The Law on Execution distinguishes between execution charge and costs related to implementation of execution procedures. In the example above, the charge for the execution of the court judgment is the execution charge (that is causing concerns of individual obligors).

Funds expendable for arranging for and implementation of the execution procedures are considered the costs in relation to implementation of execution procedures. Included in these costs are the funds payable for relocating, maintaining, and selling of an obligor's property, translators (interpreters), experts, postal transfer of withheld amount to a claimant, and other necessary execution procedures.

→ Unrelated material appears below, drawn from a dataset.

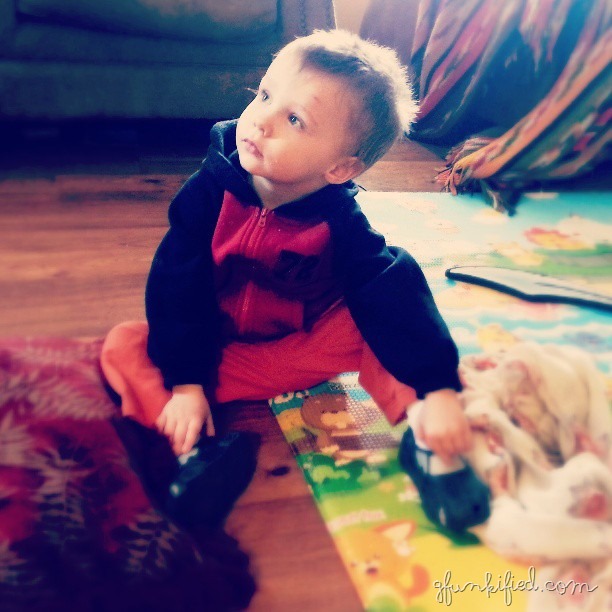 Ivy had off of school Thursday and Friday because they were doing kindergarten roundup in her classroom both days. Did I mention that hubs has been gone all week? So I ended the school week with three kids home all day, stuck in the house because of the stupid weather. But I’m not bitter. Nope. And then this guy got to stay up late because he took a late nap and I was tired. But he was charming, so that helped a tiny bit.

From the implementing practice, we see that many individual obligors and lawyers as well may be confusing execution charge with costs in relation to implementation of execution procedures and vice versa. This is so because execution officers themselves when demanding the seven per cent execution charge from an individual obligor reason it as a demand for compulsory execution procedures. In reality though and as per the example above, sending to an individual obligor of the resolution to start execution proceedings and notification to have the obligation discharged voluntarily is the only action included in the compulsory execution procedures implemented by an execution officer.

We believe there is a need to summarise the practice of implementing the execution charge and costs in relation to implementation of execution procedures provisions of the Law on Execution.

The content of this article is intended to provide a general guide to the subject matter. Specialist advice should be sought about your specific circumstances.